Run ecoli_stx_subtyping using a fasta file.

usage: ecoli_stx_subtyping.py assembly [-h]
                                       -f /path/to/query/assembly_file.fasta
                                       -b /path/to/Blast/db.sequences.file ... -t nucl | --org stx subtyping
                                       [--stx2covered N] [--stx2identity N]
                                       [--sample sample-ID] [-o /path/to/output/directory/] [-j N]
                                       [--typeSeparator _] [--extraSeq N] [--minGeneCoverage N]
                                       [--minGeneIdentity N] [--saveNewAllele] [--typeNotInNew]
                                       [--debug] [--resume]

Run ecoli_stx_subtyping.py using a fasta file. If running multiple samples using the
same DB sequence file, consider use first "seq_typing.py blast"
module.

optional arguments:
  -h, --help            show this help message and exit

Required options:
  -f /path/to/query/assembly_file.fasta, --fasta /path/to/query/assembly_file.fasta
                        Path to fasta file containing the query sequences from
                        which the stx subtypes should be assessed

Required one of the following options:
  -b --blast 1_virulence_db.stx1_subtyping.fasta 2_virulence_db.stx2_subtyping.fasta
                        Path to stx subtyping DB sequence file (if not want to use
                        the ones provided together with seq_typing.py).
                        If Blast DB was already produced (using "seq_typing.py blast"
                        module) only provide the file that do not end with ".n*"
                        something (do not use for example
                        /blast_db.sequences.fasta.nhr). If no Blast DB is
                        found for the DB sequence file, one will be created in
                        --outdir. If more than one Blast DB file is passed, a
                        type for each file will be determined. Give the files
                        in the same order that the type must be determined.
  --org stx subtyping   To use stx subtyping reference sequences provided
                        together with seq_typing.py

Required option for --blast:
  -t --type nucl        Blast DB type (available options: nucl, prot)
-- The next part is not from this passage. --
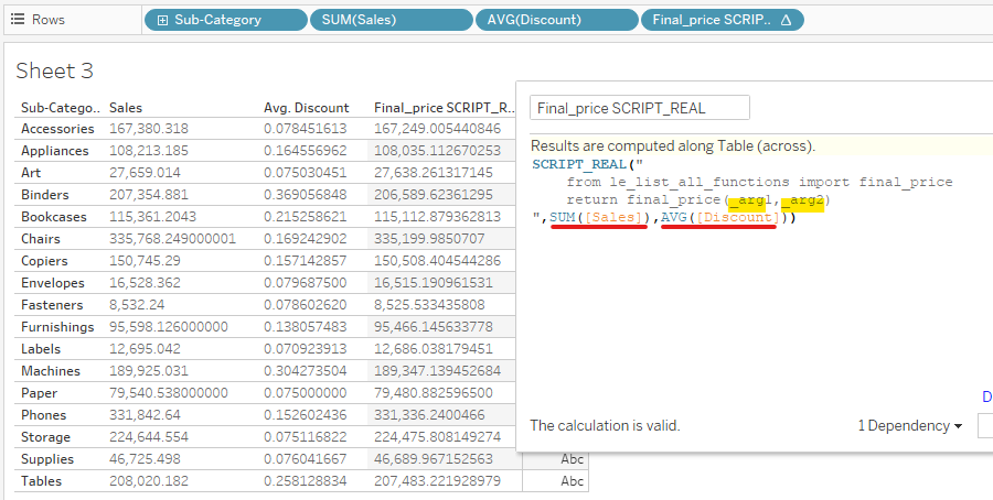 - SCRIPT_REAL: I want to calculate the final price of each sub-category after the discount and return a Real data type result, so I called the final_price function with SCRIPT_REAL (Image 14). You should be careful to put the argument in the order same as the order in the Python file.
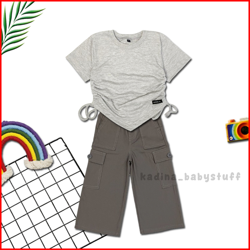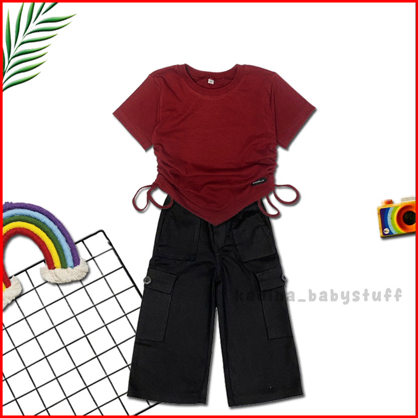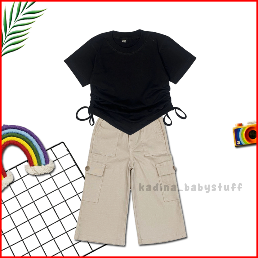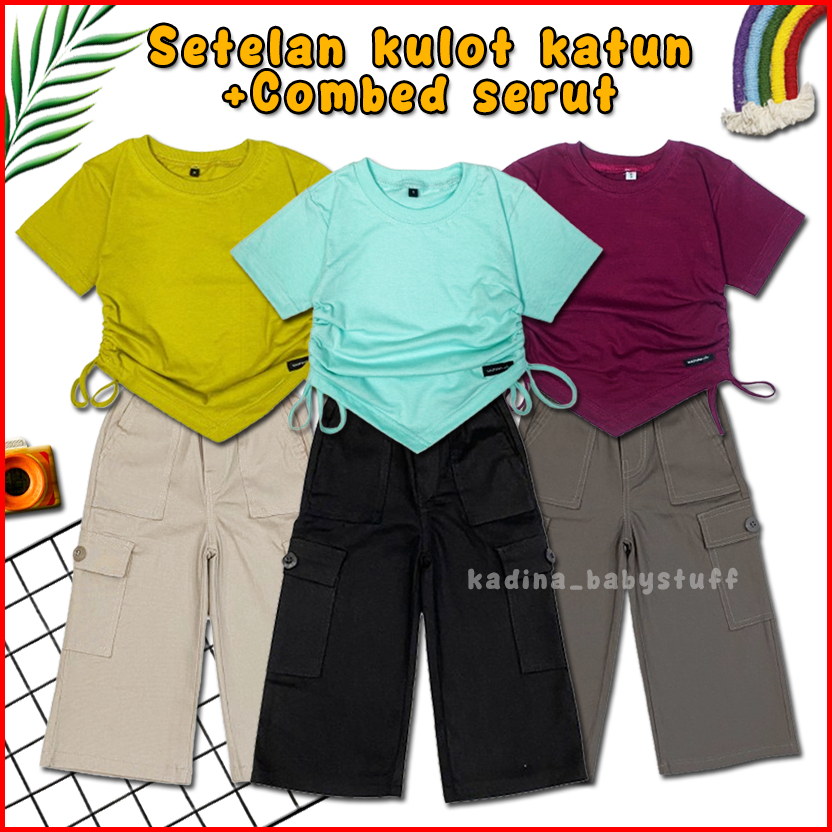 Setelan Anak Perempuan Kekinian Terbaru Kulot Katun Cargo Import Combed Serut Polos Usia Anak 2-12 Tahun

ecoli_stx_subtyping specific facultative options:
  --stx2covered 95      Minimal percentage of sequence covered to consider
                        extra stx2 subtypes (value between [0, 100]) (default: 100)
  --stx2identity 95     Minimal sequence identity to consider extra stx2
                        subtypes (value between [0, 100]) (default: 99.5)

General facultative options:
  -s --sample sample-ID
                        Sample name (default: sample)
  -o --outdir /path/to/output/directory/
                        Path to the directory where the information will be
                        stored (default: ./)
  -j --threads N        Number of threads to use (default: 1)
  --typeSeparator _     Last single character separating the general sequence
                        header from the last part containing the type (default: _)
  --extraSeq N          Sequence length added to both ends of target sequences
                        (usefull when analysing data by reads mapping)
                        that will be trimmed for Blast analysis.
  --minGeneCoverage N   Minimum percentage of target reference sequence
                        covered to consider a sequence to be present (value
                        between [0, 100]) (default: 60)
  --minGeneIdentity N   Minimum percentage of identity of reference sequence
                        covered to consider a gene to be present (value
                        between [0, 100])
  --saveNewAllele       Save the new allele found for the selected type
                        (default: false)
  --typeNotInNew        Do not save the type of the selected sequence in the header
                        of the new allele (when writing uses the "--typeSeparator").
                        (default: false)
  --debug               Debug mode: do not remove temporary files
  --resume              Resume seq_typing.py reads
Blast

To construct stx subtypes Blast DB, proceed as described here:
seq_typing.py blast --org stx subtyping.

Update stx references

An updated stx subtyping reference sequences can be obtained from VirulenceFinder DB Bitbucket account. A specific script was created to get the most recent stx reference sequences.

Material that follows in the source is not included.